Oh my goodness, no one should ever let me go to Target by myself.

Well, they should let me if I just won the lottery or if they don’t care that I’ll spend every cent I have in that store.  (And who doesn’t care about that for me?!  I have a child to co-support!)

But seriously, I have a Target addiction.

Today, my mother-in-law stayed with Thomas for an hour while I ran to the store to pick up a couple things.  I even made a list and assured myself I would stick to it.  After all, I didn’t want to be gone long so I wouldn’t even have enough time to buy more than what was on my list.

Right?!

Right?!?!

My list was this:  pump parts, bottles, Dreft, orange juice, tylenol

What I actually bought was:  3 shirts for me that were normal-sized and not made for a pregnant person, a blanket for Thomas even though he’s got 20 already, pump parts, bottles, Dreft, tylenol, chapstick, a romance novel (I know!) and a Sprite.
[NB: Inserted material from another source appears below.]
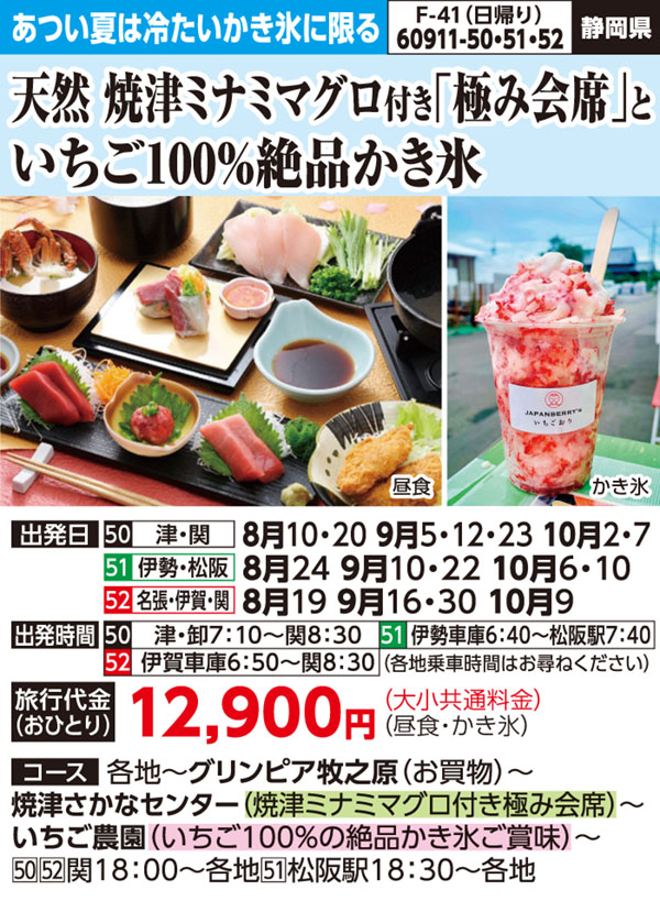 | 60911-51 | 日帰りバスの旅 | 12,900円 ~ 12,900円 | 2025/07/21 ~ 2025/10/10 |

I remembered I had a frozen orange juice in the freezer at home so I could mark that off my list and buy an extra 7 things. (Obviously!)

Oh, and I was still home in an hour.  Even with time limits and list limits I can still over spend in that store.  Nothing stops me.

I am truly addicted.

So I had to come home and confess my sins to my mother-in-law since I had more bags than was obviously necessary.  And do you know what my sweet mother-in-law said?

“That’s OK.  You deserve it.  You just gave birth!”

Yeah!

From my repeated watchings of the show, Intervention, I can tell you that although I am the addict, that statement makes my mother-in-law an enabler.  Although to be a true enabler, she needs to fork over cash for my addiction.  I’ll work on her.